WHAT IS REQUIRED |
Without changing a word, copy every line of the listing below and leave out the images.

DATA BELOW |
----------------

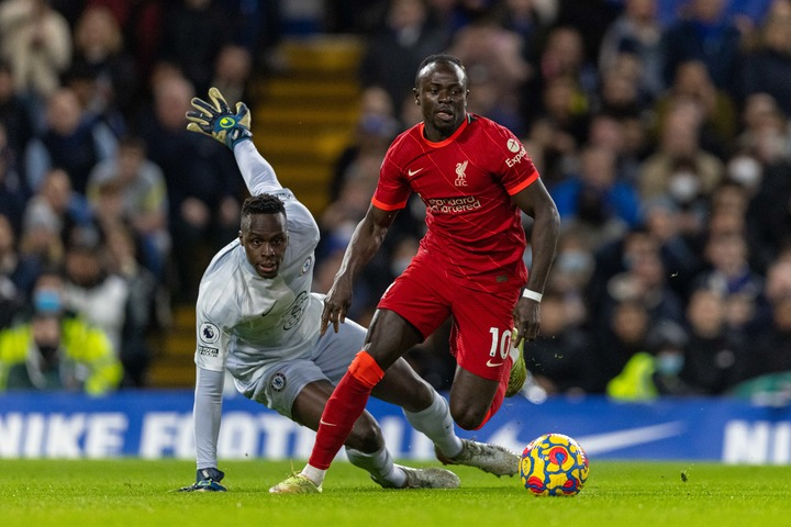 1月2日,利物浦队球员马内(右)晃开切尔西队门将门迪准备射门。新华社发
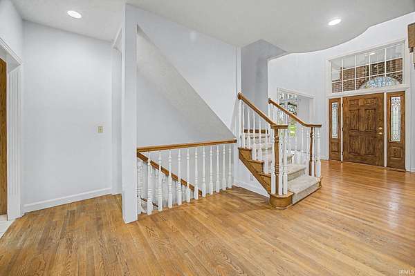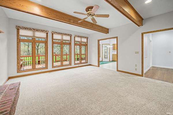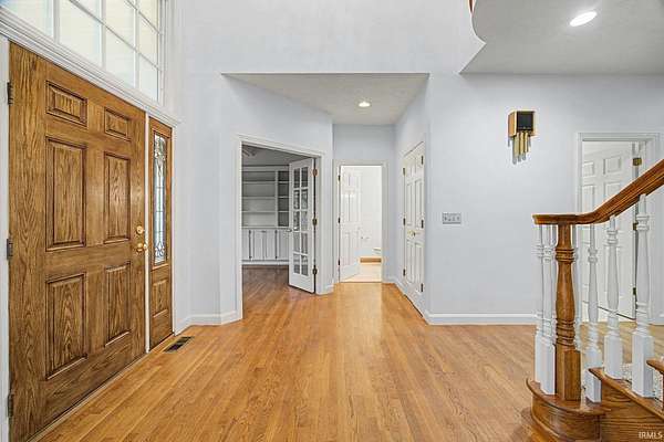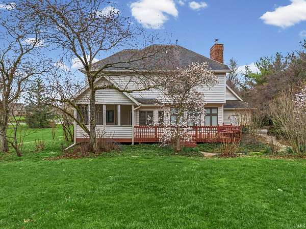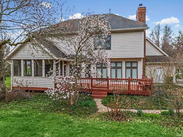 Stunning two-story home with a finished daylight basement situated on 1.51 beautifully landscaped acres, filled with mature trees and flowering accents on a desirable corner lot. Offering over 4,000 square feet, this traditional home blends elegance, comfort, and functionality. Step into the impressive two-story foyer that sets the tone for the home’s spacious design. The expansive family room features a striking beamed ceiling and cozy fireplace—perfect for gathering and entertaining. A dedicated den/office includes a full wall of built-in shelving and storage, ideal for working from home. An open staircase to the finished basement is thoughtfully positioned within the home (not visible from the entry), preserving a clean and refined first impression. The kitchen flows seamlessly to a large screened-in porch and expansive deck, both overlooking the gorgeous backyard and accessible from the kitchen and family room—perfect for indoor-outdoor living. The home also features a generously sized laundry room with 11 feet of built-in counter space for added convenience. Upstairs, the luxurious primary suite is a true retreat, featuring a grand tray ceiling, double-door entry, and a spa-like bathroom with jetted tub, separate shower, double vanities, and an enormous walk-in closet. A second ensuite bedroom offers its own private bath, while the third and fourth bedrooms share a well-appointed bathroom. The finished basement is an entertainer’s dream, complete with a theater room, game room, and a fourth full bathroom. An oversized three-car garage provides ample storage, and the home’s beautiful rural setting in a highly sought-after upscale area offers both privacy and convenience—located just minutes from Purdue, shopping, and schools. This exceptional property offers space, style, and a setting that’s hard to beat.
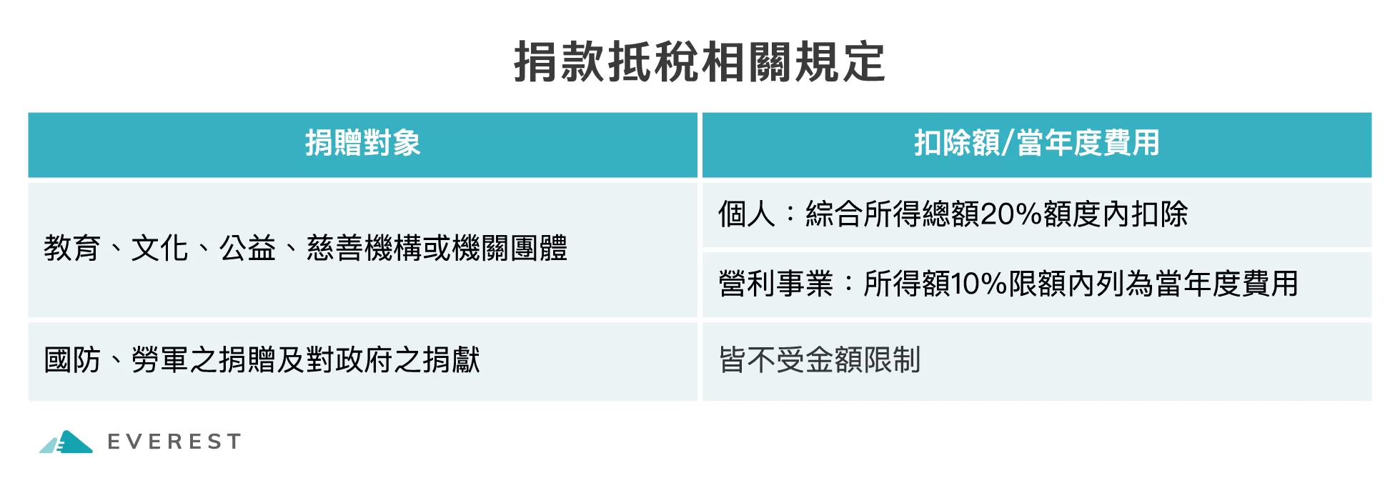 財政部表示,依所得稅法第17條第1項第2款第2目之1規定,個人對於教育、文化、公益、慈善機構或團體(下稱機關團體)之捐贈,得於綜合所得總額20%額度內扣除;但有關國防、勞軍之捐贈及對政府之捐獻,不受金額限制。另依同法第36條規定,營利事業為協助國防建設、慰勞軍隊、對政府之捐贈,及經該部專案核准之捐贈,得列為當年度費用,不受金額限制;對機關團體之捐贈,得在不超過營利事業所得額10%限額內列為當年度費用。

----------------

RESPONSE TO THE EXERCISE |
 1月2日,利物浦队球员马内(右)晃开切尔西队门将门迪准备射门。新华社发
 Stunning two-story home with a finished daylight basement situated on 1.51 beautifully landscaped acres, filled with mature trees and flowering accents on a desirable corner lot. Offering over 4,000 square feet, this traditional home blends elegance, comfort, and functionality. Step into the impressive two-story foyer that sets the tone for the home’s spacious design. The expansive family room features a striking beamed ceiling and cozy fireplace—perfect for gathering and entertaining. A dedicated den/office includes a full wall of built-in shelving and storage, ideal for working from home. An open staircase to the finished basement is thoughtfully positioned within the home (not visible from the entry), preserving a clean and refined first impression. The kitchen flows seamlessly to a large screened-in porch and expansive deck, both overlooking the gorgeous backyard and accessible from the kitchen and family room—perfect for indoor-outdoor living. The home also features a generously sized laundry room with 11 feet of built-in counter space for added convenience. Upstairs, the luxurious primary suite is a true retreat, featuring a grand tray ceiling, double-door entry, and a spa-like bathroom with jetted tub, separate shower, double vanities, and an enormous walk-in closet. A second ensuite bedroom offers its own private bath, while the third and fourth bedrooms share a well-appointed bathroom. The finished basement is an entertainer’s dream, complete with a theater room, game room, and a fourth full bathroom. An oversized three-car garage provides ample storage, and the home’s beautiful rural setting in a highly sought-after upscale area offers both privacy and convenience—located just minutes from Purdue, shopping, and schools. This exceptional property offers space, style, and a setting that’s hard to beat.
 財政部表示,依所得稅法第17條第1項第2款第2目之1規定,個人對於教育、文化、公益、慈善機構或團體(下稱機關團體)之捐贈,得於綜合所得總額20%額度內扣除;但有關國防、勞軍之捐贈及對政府之捐獻,不受金額限制。另依同法第36條規定,營利事業為協助國防建設、慰勞軍隊、對政府之捐贈,及經該部專案核准之捐贈,得列為當年度費用,不受金額限制;對機關團體之捐贈,得在不超過營利事業所得額10%限額內列為當年度費用。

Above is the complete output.